The improved method is to use the suffix array.
A suffix array is a data structure that generates a suffix array for a string and then sorts it. After sorting, the system checks the public parts starting with two adjacent strings in sequence.
The time complexity is: generate the suffix array O (N), sort o (nlogn * n), and the last n is because the string comparison is also O (N)
Checks adjacent strings O (N * n) sequentially. The total time complexity is O (n ^ 2 * logn), which is better than the O (N ^ 3) of the first method)

For the problem similar to finding the longest duplicate substring in the given text, you can use the "suffix array" to efficiently complete this task. The suffix array uses the text itself and N additional pointers (corresponding pointer arrays to the text array) to represent each substring of n characters in the input text.
First, if the input string is stored in C [0 .. n-1], you can use the following code to compare each pair of strings:

int main(void){int i , j , thislen , maxlen = -1;..................for(i = 0 ; i < n ; ++i ){for(j = i+1 ; j < n ; ++j ){if((thislen = comlen(&c[i] , &c[j])) > maxlen){maxlen = thislen;maxi = i;maxj = j;}}}..................return 0;}

When the two strings used as the comlen function parameters are of the same length, the function returns the length value starting from the first character:

int comlen( char *p, char *q ){    int i = 0;    while( *p && (*p++ == *q++) )        ++i;    return i;}

Because the algorithm views all the string pairs, the time is proportional to the square of N. The following describes how to use the suffix array.
If the program can process up to N maxcharacters, these characters are stored in array C:

# Define maxchar 5000 // process a maximum of 5000 characters char C [maxchar], * a [maxchar];

When reading the input, initialize a first, so that each element points to the corresponding character in the input string:

N = 0; while (CH = getchar ())! = '\ N') {A [n] = & C [N]; C [n ++] = CH;} C [N] =' \ 0 '; // set the last element in array C to null to terminate all strings

In this way, element a [0] points to the entire string, and the next element points to the suffix of the array starting with the second character, and so on.
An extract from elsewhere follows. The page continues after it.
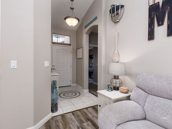 GREAT PRICE ON THIS ABSOLUTELY BEAUTIFUL HOME! Welcome to this beautiful home in Vista Del Lagos featuring many upgrades. All rooms have new hardwood laminate floor - no carpet with new 3" baseboards. Kitchen features new dishwasher, reverse osmosis and roll-out sliding shelves. The spacious living room will accommodate your needs with dual ceiling fans. Large primary bedroom ensuite is gorgeous and spacious! Guest Bathroom has a new walk-in tiled shower. Home features central vacuum, all new ceiling fans throughout and new front yard landscaping (Statue not included). Great mountain views from the large covered patio. Garage has built in cabinet and workbench too! Amenities include Mesquite Vistas Clubhouse, swimming pool, fitness center, pickleball and tennis courts. Come see all this home has to offer!

If the input string is "banana", the array will indicate These suffixes:
A [0]: banana
A [1]: Anana
A [2]: Nana
A [3]: Ana
A [4]: Na
A [5]:
Since the pointer in array a points to each Suffix in the string, array a is named "suffix array"

2. Sort the suffix array quickly to combine the sub-strings with similar suffixes
After qsort (A, N, sizeof (char *), pstrcmp)
A [0]:
A [1]: Ana
A [2]: Anana
A [3]: banana
A [4]: Na
A [5]: Nana
Third, use the following comlen function to scan and compare the Adjacent Elements of the array to find the longest repeated string:

for(i = 0 ; i < n-1 ; ++i ){        temp=comlen( a[i], a[i+1] );        if( temp>maxlen ){              maxlen=temp;              maxi=i;        }}printf("%.*s\n",maxlen, a[maxi]);

The complete implementation code is as follows:

# Include <iostream> using namespace STD; # define maxchar 5000 // process a maximum of 5000 characters in char C [maxchar], * a [maxchar]; int comlen (char * P, char * q) {int I = 0; while (* P & (* P ++ = * q ++) ++ I; return I ;} int pstrcmp (const void * P1, const void * P2) {return strcmp (* (char * const *) P1, * (char * const *) P2 );} int main (void) {char ch; int n = 0; int I, temp; int maxlen = 0, Maxi = 0; printf ("Please input your string: \ n "); n = 0; while (CH = getchar ())! = '\ N') {A [n] = & C [N]; C [n ++] = CH;} C [N] =' \ 0 '; // set the last element in array C to a null character to terminate all strings qsort (A, N, sizeof (char *), pstrcmp); for (I = 0; I <n-1; ++ I) {temp = comlen (A [I], a [I + 1]); If (temp> maxlen) {maxlen = temp; maxi = I ;}} printf ("%. * s \ n ", maxlen, a [Maxi]); Return 0 ;}

Method 2: KMP
By using the next array feature, we can also find the longest repeated substring, but the time complexity is a bit high ..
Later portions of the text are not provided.